A number of studies have examined
the environmental consequences of trade liberalization and economic growth in
recent decades. According to the EKC concept, CO2 emissions are
expected to have a positive relationship with the level of income or trade
liberalization before the EKC threshold and then a negative relationship beyond
the threshold. Similarly, if there is a positive relationship between CO2
emissions and free trade, then the country is not likely to have experienced
its optimal level of trade liberalization.
The
view that the foreign direct investment enhances CO2 emissions is
called Pollution Haven Hypothesis. The Pollution Haven Hypothesis can occur in
three ways (Aliyu, 2005). Firstly, pollution industries arise through polluting
industries to countries with more loose regulations than countries with strict
environmental regulations. Secondly, developed countries throw away hazardous
wastes related to industrial and nuclear energy production into developing
countries. Thirdly, multinational corporations should obtain unlimited sources
of renewable resources such as oil and petroleum products, lumber and other
forest resources, etc., in developing countries. Foreign investments can cause
positive or negative environmental impacts in host countries in the form of two
conditions called pollution haven and pollution hale effects. If the
environmental impact of foreign direct investments is positive, it is a
pollution haven hypothesis. If it is negative, it becomes pollution hale
effect.
The relationship between energy
consumption and economic growth has important implications for energy policy
and there are four types of causalities between them such as neutral,
conservative, growth and feedback hypothesis. However, rapid economic growth is usually accompanied by
increased energy consumption and may cause unexpected effects on energy
resources and the environment. (Shiu & Lam, 2004; Mozumder &
Marathe, 2007; Ozturk, 2010).Other
authors such as Keppler and Mansanet-Bataller (2010), Narayan (2010) and Pao & Tsai (2010) stated that economic growth and energy
consumption are accompanied with environmental degradation in both developed
and developing countries. These studies have generated an inverted U-shaped
curve. Toda-Yamamoto
(1995) examined that the results of causality test imply that carbon emissions
and FDI, energy consumption and CO2 emissions have bidirectional
causal relationships. On the other hand, there are unidirectional causal
relationships running from economic growth and energy consumption to FDI and
from economic growth to energy consumption.
The contribution of
globalisation, particularly trade openness, towards greenhouse gas emissions
have been an important issue within the context of human induced climate
change. As individual countries vary according to income levels as well as the
composition of traded commodities, which have different emission intensities,
the relationship between trade openness and greenhouse gas emissions can be
considered as an empirical question which depends on country specific
variables. Baek et al. (2009)
have examined the dynamic relationship among trade, income and environmental
quality, i.e., emission of sulphur dioxide (SO2) using co-integration
analysis for a sample of developed and developing countries. The results
suggest that trade and income growth increase environmental quality in
developed countries and the reverse is evident in most developing countries.

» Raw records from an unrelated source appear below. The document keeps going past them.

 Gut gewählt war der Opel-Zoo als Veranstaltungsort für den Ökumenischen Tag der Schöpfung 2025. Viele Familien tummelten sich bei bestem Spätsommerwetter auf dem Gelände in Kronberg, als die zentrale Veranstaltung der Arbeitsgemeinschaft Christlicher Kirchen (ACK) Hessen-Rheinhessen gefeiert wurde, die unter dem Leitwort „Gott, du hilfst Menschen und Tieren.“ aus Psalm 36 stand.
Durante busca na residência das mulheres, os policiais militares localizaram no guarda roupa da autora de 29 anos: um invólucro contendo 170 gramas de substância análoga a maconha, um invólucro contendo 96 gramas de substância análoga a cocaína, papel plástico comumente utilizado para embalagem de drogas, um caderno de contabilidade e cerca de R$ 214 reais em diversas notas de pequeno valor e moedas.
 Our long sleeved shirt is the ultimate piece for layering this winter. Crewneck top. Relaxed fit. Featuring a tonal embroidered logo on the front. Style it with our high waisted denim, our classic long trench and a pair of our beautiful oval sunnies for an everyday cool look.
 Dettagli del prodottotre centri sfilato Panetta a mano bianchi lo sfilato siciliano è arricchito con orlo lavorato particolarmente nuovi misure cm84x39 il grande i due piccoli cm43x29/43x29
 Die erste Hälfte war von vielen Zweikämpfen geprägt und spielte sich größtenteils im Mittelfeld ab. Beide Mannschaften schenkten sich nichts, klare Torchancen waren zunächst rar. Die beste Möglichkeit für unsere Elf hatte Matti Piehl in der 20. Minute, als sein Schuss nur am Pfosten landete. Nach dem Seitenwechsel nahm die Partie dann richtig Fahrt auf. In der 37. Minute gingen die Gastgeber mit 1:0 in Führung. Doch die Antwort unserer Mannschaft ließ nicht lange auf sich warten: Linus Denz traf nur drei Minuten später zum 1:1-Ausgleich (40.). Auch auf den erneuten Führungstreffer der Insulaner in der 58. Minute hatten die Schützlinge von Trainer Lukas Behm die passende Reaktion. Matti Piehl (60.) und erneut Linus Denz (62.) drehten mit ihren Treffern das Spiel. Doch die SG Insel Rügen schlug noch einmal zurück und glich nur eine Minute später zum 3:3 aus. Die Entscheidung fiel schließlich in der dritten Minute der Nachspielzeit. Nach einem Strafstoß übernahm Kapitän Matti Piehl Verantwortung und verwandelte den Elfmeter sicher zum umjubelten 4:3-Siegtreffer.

According to economic theories, there is a positive
relationship between trade liberalization and economic growth. Since trade
openness could increase production and income, it affects the emissions. But,
by virtue of trade theories there is no clear relationship between
environmental quality and trade openness. The similar hypothesis of EKC is
applicable to the conditions of trade openness and environmental effects, and
also towards the experimentation for measuring scale effect of the open
economic policies.
Lastly, economic studies concluded that income per
capita and population growth are the main two factors increasing carbon
emissions in OECD countries, whereas the decrease in energy intensity is the
main factor reducing them. In the EKC hypothesis, these studies indicate that
the elasticity of CO2 emissions and energy use with respect to
population are close to unity. A few of them considered population density as
an additional explanatory variable. Emissions are typically decomposed into
scale, composition and technique effects. Scale effects are measured with
income and population variables, composition effects refer to changes in the
input or output mix and technique effects are proxied by energy intensity (the
effect of productivity on emissions) and global technical progress.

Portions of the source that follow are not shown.